Successful leaders, teams and companies that endure over the long run seek to find balance, unity and integration. They work to balance opposing dynamics and points of view from how they invest for today versus tomorrow and how they compose leadership teams with differing points of view. They strive to unite their organizations to work collaboratively to achieve common goals. They recognize that in diversity there is strength, and it is important to integrate several perspectives and skill sets to succeed in an increasingly fast-moving and complex world. To balance, to unite and to integrate is difficult because it requires nuance, trade-offs, empathy and communication skills. It is recognizing that there is rarely a silver bullet answer or a simple and easy solution.
Balance: The Mandalorian and Lawrence of Arabia
Between 1962's Lawrence of Arabia and 2020's The Mandalorian there is much in common, including each being an innovative use of a new film technology. It was 70 MM wide screen for Lawrence of Arabia and high-definition streaming for The Mandalorian which brought Disney into the future.
But in world view they are completely different.
In The Mandalorian we sense a force and a code best captured in the line "this is the way" repeated throughout the series. There is a code of conduct that is almost religious. A way of doing things handed down over time. A deterministic march forward.
In Lawrence of Arabia a key theme is of old ways and traditions being challenged -- best captured by the line "nothing is written." The desert is empty, and the sands are wiped clean with the winds of change.

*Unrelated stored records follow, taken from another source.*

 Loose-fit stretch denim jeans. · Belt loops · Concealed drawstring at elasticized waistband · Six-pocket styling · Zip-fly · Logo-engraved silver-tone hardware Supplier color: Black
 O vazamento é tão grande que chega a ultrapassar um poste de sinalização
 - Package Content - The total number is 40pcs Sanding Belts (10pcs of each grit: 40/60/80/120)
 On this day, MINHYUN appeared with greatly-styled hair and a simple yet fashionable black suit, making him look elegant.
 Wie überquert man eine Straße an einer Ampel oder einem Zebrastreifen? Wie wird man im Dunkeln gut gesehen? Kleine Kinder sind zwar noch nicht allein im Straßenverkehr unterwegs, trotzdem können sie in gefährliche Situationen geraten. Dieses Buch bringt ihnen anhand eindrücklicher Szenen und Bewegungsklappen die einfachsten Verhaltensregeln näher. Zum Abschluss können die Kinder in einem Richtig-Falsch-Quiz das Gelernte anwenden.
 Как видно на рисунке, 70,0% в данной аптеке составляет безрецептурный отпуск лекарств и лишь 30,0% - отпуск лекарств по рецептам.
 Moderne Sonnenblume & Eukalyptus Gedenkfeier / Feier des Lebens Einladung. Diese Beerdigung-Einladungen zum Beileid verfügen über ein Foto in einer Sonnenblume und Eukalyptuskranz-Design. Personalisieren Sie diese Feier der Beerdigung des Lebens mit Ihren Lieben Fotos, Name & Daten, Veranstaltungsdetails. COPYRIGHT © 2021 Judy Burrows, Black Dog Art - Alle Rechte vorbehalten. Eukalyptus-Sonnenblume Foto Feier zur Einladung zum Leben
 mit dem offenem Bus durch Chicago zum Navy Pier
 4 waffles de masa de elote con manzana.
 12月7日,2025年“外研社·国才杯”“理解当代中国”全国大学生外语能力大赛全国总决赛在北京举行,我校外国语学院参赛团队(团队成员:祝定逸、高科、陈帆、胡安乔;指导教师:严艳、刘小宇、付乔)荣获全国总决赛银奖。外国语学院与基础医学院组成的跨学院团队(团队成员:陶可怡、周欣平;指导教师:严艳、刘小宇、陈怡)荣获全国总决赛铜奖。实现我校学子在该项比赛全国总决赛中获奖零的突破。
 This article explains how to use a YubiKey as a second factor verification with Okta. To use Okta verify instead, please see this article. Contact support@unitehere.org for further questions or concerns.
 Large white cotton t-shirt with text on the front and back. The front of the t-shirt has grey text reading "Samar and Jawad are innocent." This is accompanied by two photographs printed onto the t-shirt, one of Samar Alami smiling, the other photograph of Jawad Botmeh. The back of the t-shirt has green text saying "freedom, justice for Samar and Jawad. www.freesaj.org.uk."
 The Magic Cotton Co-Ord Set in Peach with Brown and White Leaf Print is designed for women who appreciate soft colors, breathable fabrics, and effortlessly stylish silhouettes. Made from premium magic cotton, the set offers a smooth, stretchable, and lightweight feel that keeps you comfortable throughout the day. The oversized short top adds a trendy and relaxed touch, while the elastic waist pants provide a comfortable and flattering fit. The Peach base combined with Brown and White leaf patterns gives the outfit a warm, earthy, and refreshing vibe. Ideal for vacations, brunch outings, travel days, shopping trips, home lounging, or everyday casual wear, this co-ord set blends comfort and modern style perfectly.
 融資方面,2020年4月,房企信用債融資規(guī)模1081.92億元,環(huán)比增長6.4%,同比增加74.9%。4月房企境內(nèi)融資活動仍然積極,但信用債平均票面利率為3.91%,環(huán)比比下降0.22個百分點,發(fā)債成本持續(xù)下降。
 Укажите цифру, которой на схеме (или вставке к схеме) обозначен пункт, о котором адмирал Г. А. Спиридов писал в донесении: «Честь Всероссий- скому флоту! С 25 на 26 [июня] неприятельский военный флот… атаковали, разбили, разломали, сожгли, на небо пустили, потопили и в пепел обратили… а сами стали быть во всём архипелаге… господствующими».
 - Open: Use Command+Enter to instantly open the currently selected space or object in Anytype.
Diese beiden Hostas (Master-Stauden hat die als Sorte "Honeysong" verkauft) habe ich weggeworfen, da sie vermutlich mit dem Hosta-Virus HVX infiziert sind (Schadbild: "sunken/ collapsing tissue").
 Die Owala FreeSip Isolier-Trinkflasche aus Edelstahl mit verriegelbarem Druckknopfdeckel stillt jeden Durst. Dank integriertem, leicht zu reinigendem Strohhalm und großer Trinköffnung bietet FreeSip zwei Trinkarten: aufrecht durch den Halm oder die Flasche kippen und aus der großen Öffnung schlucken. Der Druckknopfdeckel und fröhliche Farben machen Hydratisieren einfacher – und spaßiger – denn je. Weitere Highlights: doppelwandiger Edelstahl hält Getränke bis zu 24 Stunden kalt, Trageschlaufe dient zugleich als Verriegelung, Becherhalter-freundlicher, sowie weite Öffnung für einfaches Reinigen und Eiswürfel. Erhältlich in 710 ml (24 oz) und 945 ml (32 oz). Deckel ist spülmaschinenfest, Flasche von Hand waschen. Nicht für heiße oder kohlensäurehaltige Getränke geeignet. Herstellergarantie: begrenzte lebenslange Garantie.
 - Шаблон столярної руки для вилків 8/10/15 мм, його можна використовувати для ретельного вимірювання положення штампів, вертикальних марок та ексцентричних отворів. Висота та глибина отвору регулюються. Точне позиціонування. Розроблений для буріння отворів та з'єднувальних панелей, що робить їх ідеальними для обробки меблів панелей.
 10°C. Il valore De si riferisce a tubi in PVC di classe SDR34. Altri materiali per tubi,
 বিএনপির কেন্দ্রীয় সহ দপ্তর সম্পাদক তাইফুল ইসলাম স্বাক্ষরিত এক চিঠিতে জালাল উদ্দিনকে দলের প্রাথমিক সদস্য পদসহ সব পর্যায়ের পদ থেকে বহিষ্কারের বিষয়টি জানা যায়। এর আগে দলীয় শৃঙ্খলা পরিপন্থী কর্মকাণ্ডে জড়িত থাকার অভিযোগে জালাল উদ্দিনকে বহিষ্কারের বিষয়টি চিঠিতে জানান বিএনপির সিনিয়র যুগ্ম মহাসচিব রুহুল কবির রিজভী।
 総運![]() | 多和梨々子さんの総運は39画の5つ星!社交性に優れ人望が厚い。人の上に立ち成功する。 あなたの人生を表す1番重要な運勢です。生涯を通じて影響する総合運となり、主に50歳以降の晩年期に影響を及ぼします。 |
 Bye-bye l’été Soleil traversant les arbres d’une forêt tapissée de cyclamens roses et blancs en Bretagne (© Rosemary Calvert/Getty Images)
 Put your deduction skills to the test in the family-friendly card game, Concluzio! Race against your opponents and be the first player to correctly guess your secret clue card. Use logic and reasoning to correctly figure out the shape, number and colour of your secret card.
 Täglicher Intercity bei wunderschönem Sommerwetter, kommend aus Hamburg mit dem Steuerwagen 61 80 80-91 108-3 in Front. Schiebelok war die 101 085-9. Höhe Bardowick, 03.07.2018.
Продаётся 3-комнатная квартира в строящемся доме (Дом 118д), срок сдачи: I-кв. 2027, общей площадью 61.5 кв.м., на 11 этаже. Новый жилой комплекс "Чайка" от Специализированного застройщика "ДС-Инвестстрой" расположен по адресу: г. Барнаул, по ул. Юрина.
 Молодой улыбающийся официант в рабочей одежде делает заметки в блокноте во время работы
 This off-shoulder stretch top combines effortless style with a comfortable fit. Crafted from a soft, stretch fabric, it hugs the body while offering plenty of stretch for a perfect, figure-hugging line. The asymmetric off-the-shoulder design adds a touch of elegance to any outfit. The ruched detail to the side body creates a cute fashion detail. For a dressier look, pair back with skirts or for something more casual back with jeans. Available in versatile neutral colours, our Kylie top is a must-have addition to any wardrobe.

The past is not an anchor, and one must write, sculpt and invent the future.
Most individuals and firms must balance both the roots (history, legacy, anchored costs, reputation, provenance, rule of law and expectations) of "this is the way" with the wings (leaps of faith, casting of on a new journey, challenging the status quo) of "nothing is written." We must balance roots and wings.
Portfolio managers need to balance safety with risk to reach for returns while working to preserve capital.
Balancing is difficult but a focus on one extreme versus the other rarely allows for long-term success.
Unite: The Lessons of Sports Teams
Regardless of the sport, the teams that win titles tend to share two characteristics:
Often it is not the team with the best talent that wins but the one where the talent is passionately aligned and united either due to culture or great management.
Teams are not collected -- they are built and forged. It takes time but once finished in the furnace and foundry of time and experience they operate at levels of performance and delivery that create a unique competitive advantage.
Similarly, companies win contracts and retain clients and take on external challenges where there is a glue of culture, purpose and values that ensure a gestalt (1+1=3) which sets them apart. People choose their partners with their hearts while they use numbers to justify their choice.
A leader can get elected or selected by dividing and conquering for a short while, but sustained legacy and success is usually forged through uniting and uplifting.
Unity is hard and harder still in polarizing times, but a divided house will most likely fall.
Integration: Judicious Surrender to the Force of Opposing Tendencies
If balance is often about allocating between today and tomorrow and unity about aligning different perspectives and people, integration is blending these opposing forces and personalities in a way that works and delivers.
While it may seem difficult, we all do so as individuals since each of us integrate many identities.
F. Scott Fitzgerald wrote that "the test of a first-rate intelligence is the ability to hold two opposing ideas in mind at the same time and still retain the ability to function." When applied to companies we could write that first-rate companies are able to operate two business models at the same time -- one optimized for today and one focused on creating tomorrow, even if it eats today.
Today the big luxury brands are seeking to integrate aspiration (specialness, history, limited quality, high price, cathedral-like retail spaces) with access ( bring in tomorrow’s buyers, reflect unique cultures, be available online) and integrating them so the brand can combine these different product portfolios and go-to-market strategies without the underlying story and brand falling apart from its internal dichotomies.
Balance roots and wings.
Unite diverse talents into a common culture.
Integrate multiple and often opposing approaches.